Ferrite phase shifters gained popularity in recent years, as initial problems of weight, size and operational speed were overcome. But unit cost and complexity have hindered them from becoming a preferred building block.
More recently, use of ferroelectric materials has been of interest. This is because certain dielectric properties of such materials change under the influence of an electric field. In particular, an electrooptic effect can be produced by the application of a bias electric field to ferroelectric materials. By electrooptically varying the refractive indices of such material, a phase shift will occur in electromagnetic radiation passing therethrough. The overall procedure is known as electrooptic phase-shifting.
Regions of ferroelectric materials have a non-zero electric dipole moment in the absence of an applied electric field. For this reason, ferroelectric materials are regarded as spontaneously polarized. A suitably oriented polarized ferroelectric medium changes the propagation conditions of passing electromagnetic radiation. A bias electric field of sufficient magnitude in the appropriate direction may change the refractive index of the medium, thereby further altering the propagation conditions.
Upon incidence with a uniaxial ferroelectric medium having a suitably aligned optic axis, radiation divides into two components (i.e., double refraction). A first component n.sub.o exhibits polarization of the electric field perpendicular to the optic axis, and refracts in the medium according to Snell's Law (the ordinary ray). A second component n.sub.e exhibits polarization orthogonal to that of the first, with some constituent of the electric field parallel to the optic axis (the extraordinary ray). The extraordinary ray is refracted in a different manner, and may not behave according to Snell's Law.
The refractive indices of the ferroelectric
material for the two wave components, n.sub.o and n.sub.e respectively, determine the different velocities of propagation of the components' phase fronts.
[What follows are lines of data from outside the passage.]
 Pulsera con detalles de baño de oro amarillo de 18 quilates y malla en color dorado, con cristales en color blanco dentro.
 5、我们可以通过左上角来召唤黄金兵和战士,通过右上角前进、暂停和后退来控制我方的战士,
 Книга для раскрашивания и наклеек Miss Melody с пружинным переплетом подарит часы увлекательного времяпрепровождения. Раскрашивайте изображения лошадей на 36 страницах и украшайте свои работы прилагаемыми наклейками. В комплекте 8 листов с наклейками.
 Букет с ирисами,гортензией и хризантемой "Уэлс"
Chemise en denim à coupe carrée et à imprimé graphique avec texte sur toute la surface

The applied bias electric field typically changes the refractive indices, which causes phase shifts in the propagating radiation.
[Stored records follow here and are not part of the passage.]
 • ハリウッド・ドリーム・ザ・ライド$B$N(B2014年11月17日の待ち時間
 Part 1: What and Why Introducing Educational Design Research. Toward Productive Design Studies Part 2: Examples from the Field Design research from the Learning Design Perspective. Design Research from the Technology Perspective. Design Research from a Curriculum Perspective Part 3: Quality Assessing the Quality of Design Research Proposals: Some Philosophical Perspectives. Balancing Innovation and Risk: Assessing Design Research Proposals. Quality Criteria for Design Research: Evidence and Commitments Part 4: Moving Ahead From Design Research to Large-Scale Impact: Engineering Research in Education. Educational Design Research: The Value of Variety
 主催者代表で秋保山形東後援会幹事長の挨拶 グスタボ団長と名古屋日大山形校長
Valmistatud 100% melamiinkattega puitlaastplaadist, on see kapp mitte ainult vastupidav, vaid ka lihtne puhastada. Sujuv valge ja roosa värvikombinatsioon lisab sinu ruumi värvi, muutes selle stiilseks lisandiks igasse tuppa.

Examples of radar scanning devices which purported to take advantage of the foregoing principles of ferroelectric materials are disclosed and claimed in U.S. Pat. Nos. 4,636,799 and 4,706,094, both to Kubick, both assigned to the assignee of the present invention, and both of which are hereby incorporated by reference. Each patent describes and illustrates a monolithic piece of ferroelectric material disposed in front of a source of electromagnetic radio frequency ("RF") radiation. The material has a row of electrically conductive wires disposed on each side of the material and spanning the material from top to bottom. A DC voltage applied to the wires in a pattern produces a voltage gradient across the antenna aperture from one end to the other. Such a voltage gradient purportedly causes a gradient in the refractive index of the material, with a resulting shift in the radiation direction, thereby effectuating ferroelectric scanning.
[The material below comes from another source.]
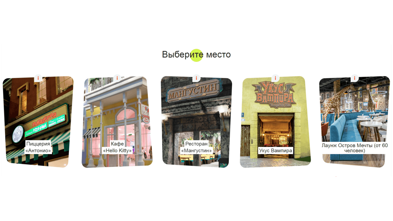 Реализован блок с выбором ресторана или кафе.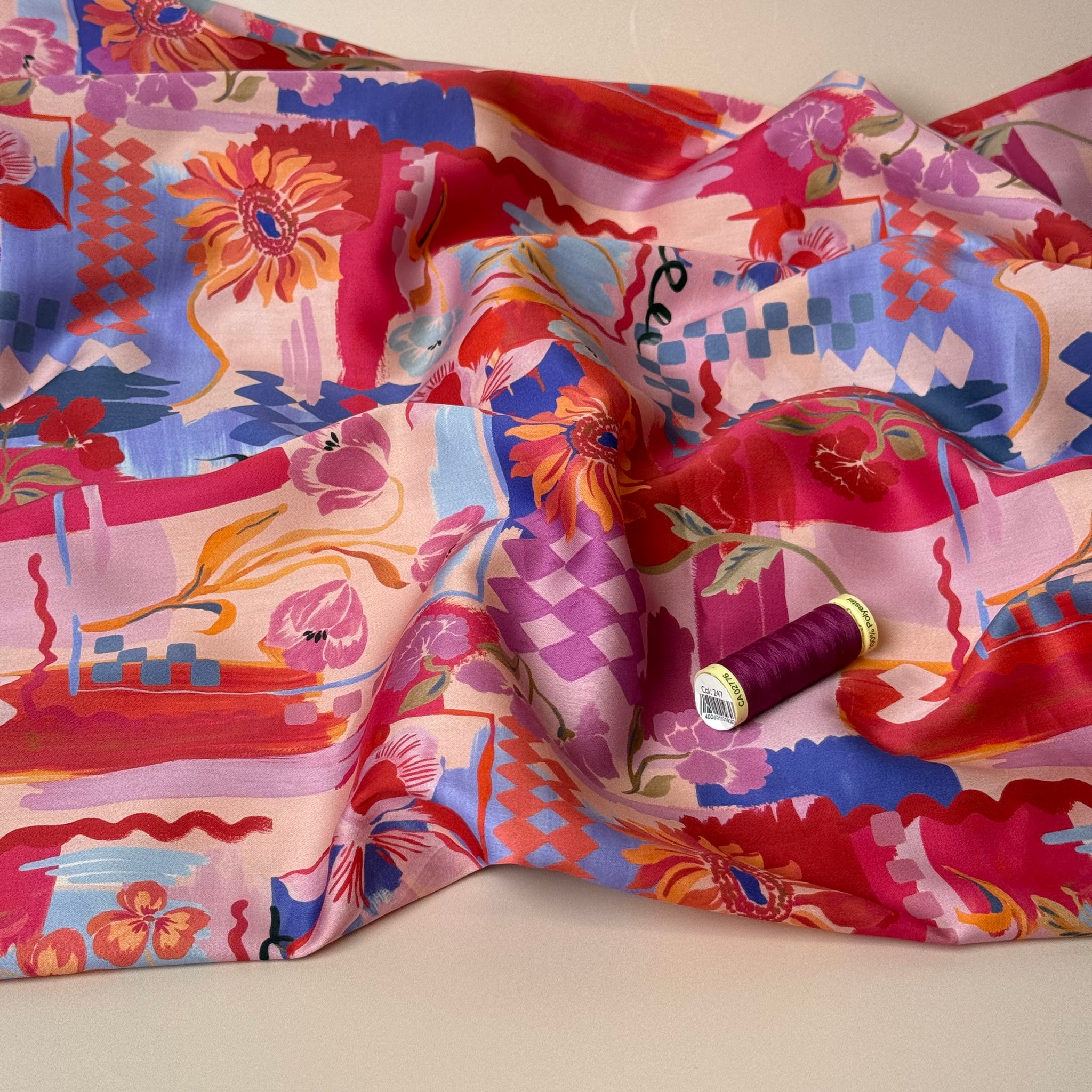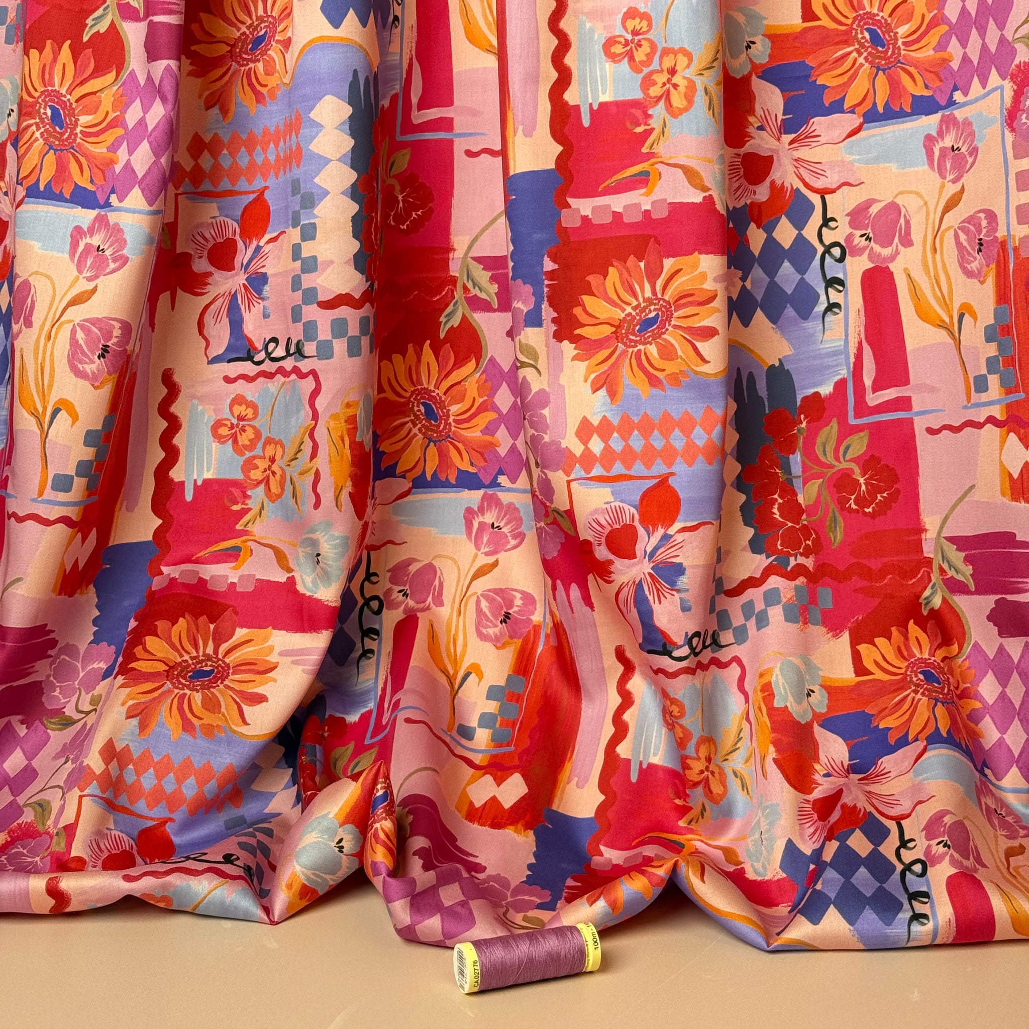 This striking cotton sateen features a patchwork postcard design in red, blue and coral. It is soft, smooth and silky with drape.

Further, the ferroelectric material in Kubick U.S. Pat. No. 4,706,094 (the "electrooptic scanner patent") has an initial domain orientation parallel to the direction of propagation ("c-poled"), such c-poling being perpendicular to the surface of the ferroelectric material. With such c-poling, the radiation is affected only by the ordinary index of refraction, n.sub.o. However, it has been found experimentally that the electrooptic effect manifests itself more commonly in the extraordinary wave refractive index, n.sub.e. Thus, to achieve wave phase shifting, the polarization must be parallel to the optic axis, and, thus, to the bias electric field.